第569話2度目のラブホテル

 嘘だろ・・・!?た、確かに言われてみれば周りに何時間何円みたいな看板がいっぱいある・・・って!


「なんで初音は冷静なんだ!は、早くこんなところ出よう!」


「そ、そうだね、そーく─────」


`ポタポタポタ`


「・・・え?」


 頬で冷たい水が弾けて伝う感触が─────


`ザァァァァァ`


「えっ、あ、雨!?」


 確かに曇っていたけど、いきなりこんなに土砂降りになるなんて・・・

 ま、まずい、傘なんて持ってきてない!


「嘘!、雨!?予報見てなかったよー!濡れたく無いからとりあえずあそこで雨宿りしよ?」


 そう言う初音に手を取られてきたのは、このホテル街には無数にあるラブホテルのうちの一つだった。


「え、ちょ、初音、ここは─────」


「雨宿りするだけだから別にいいでしょ?それとも、ナニかする気なの・・・?」


「い、いや、もちろんそんな気はない・・・」


「じゃあ・・・行こ?」


「あ、あぁ・・・」


 俺はホテルの受付・・・それもラブホテルの受付なんてどうすればいいのかわからないため、そこは初音に任せた。

 ・・・それにしても、人生で2度目のラブホテルか・・・


「借りれたよ!そーくんっ!」


「あ、あぁ、そ、そうか・・・」


 なんで初音はこんなに元気なんだ・・・?

 いや、俺が寝れてなくてテンションが低いだけなのか・・・?

 そして俺は初音と階段で4階に登り、俺たちに割り当てられた号室に入った。


「そーくん、はい、タオル」


「え、あ、ああ、い、良いけど・・・べ、別にここにいっぱいタオルぐらい常備してあるからわざわざ初音のを使わなくても──────」


「は?ラブホテルなんて他の女がどんな淫乱な使い方してるかわからない場所のタオルをそーくんに使わせるなんてできるわけないでしょ?それともなに?タオル越しに他の女と浮気するつもりなの?」


「え、あ、す、すいません・・・」


 俺はそれ以上は何も言わずに黙って初音に渡されたタオルで自分の体を服の上から拭いた。

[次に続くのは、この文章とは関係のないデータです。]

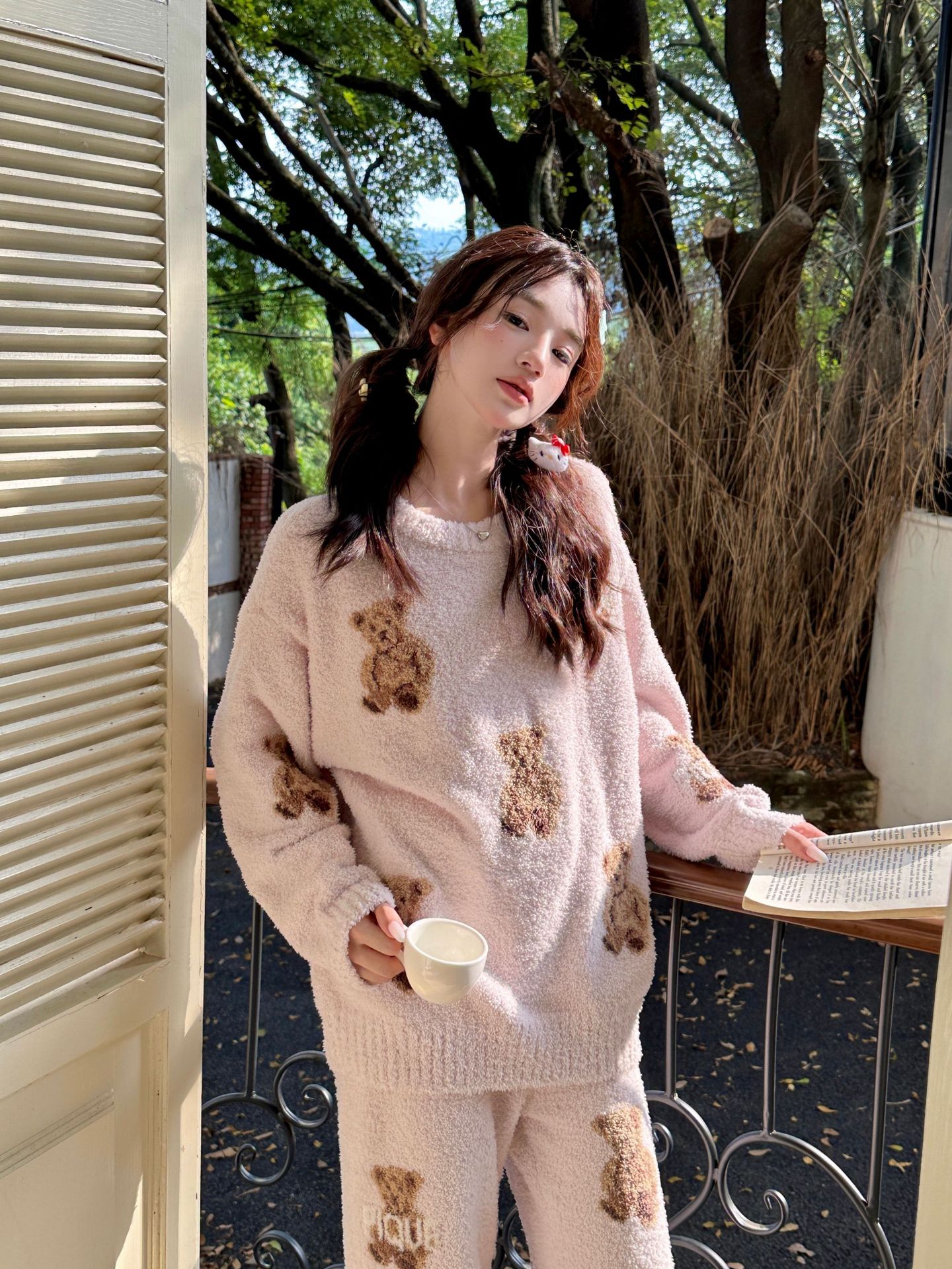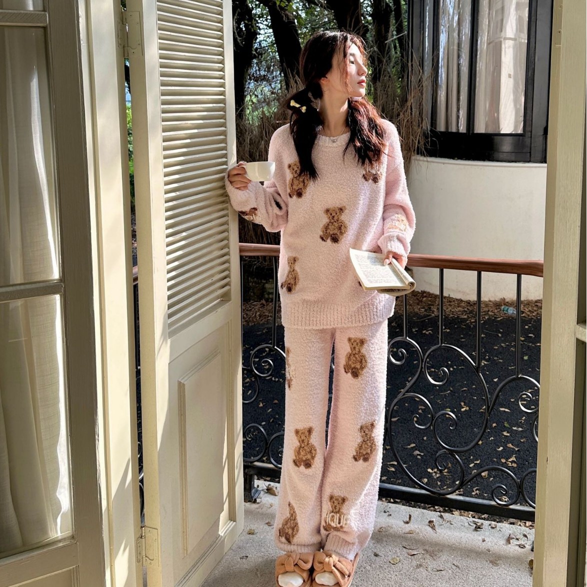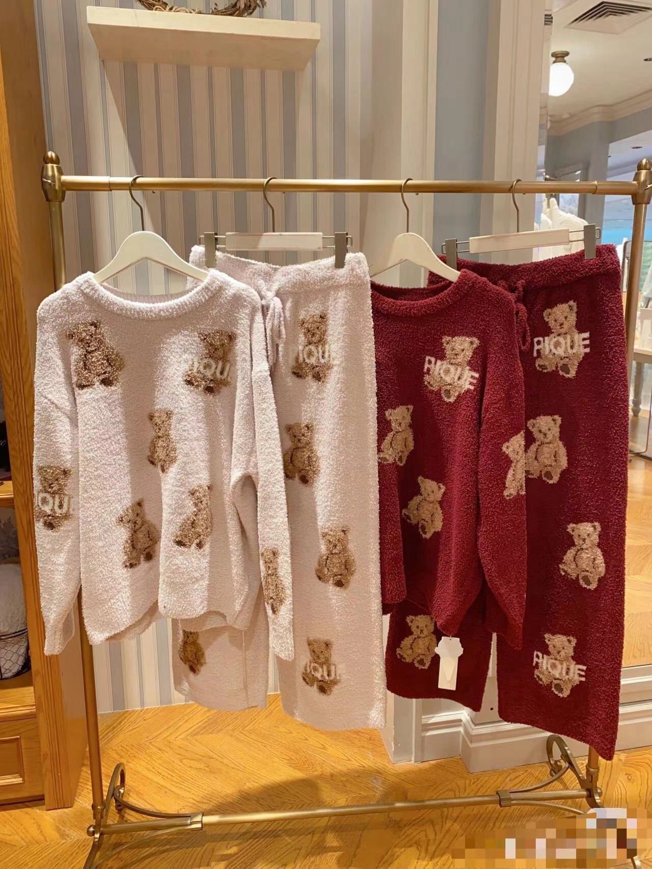 Gp 가을과 겨울 24 귀여운 커버 자카드 곰 크리스마스 붉은 부드러운 숙녀 집 옷 잠옷 세트스토어 가기

 ・・・さっきまでのデートって感じの雰囲気はどこに行ったんだ・・・


「・・・・・・」


 それにしても・・・なんていうか、濡れた初音はやっぱり元が綺麗なだけあってより儚さというか・・・色々付け加えられてて良いな。


「そーくん?」


「な、なんでもない・・・そ、そうだ!あ、雨はどのぐらいで止むんだろうなー」


 俺は誤魔化すようにして視線を逸らし、話題も逸らす。

 初音はその質問に返答するように言った。


「んー、どのぐらいだろうねー、スマホの充電も切れちゃってわからないねー」


「・・・あ、ホテルなんだしコンセントぐらいはあるんじゃないか?」


「コンセントはあると思うけど、充電器を持ってきてなかったの」


「ま、まぁそうだよな・・・」


「ちょっと私、シャワー浴びてきてもいい?」


「え?あ、あぁ、ど、どうぞ・・・」


「うん」


 初音はそう小さく返事をすると、シャワールームに入っていった。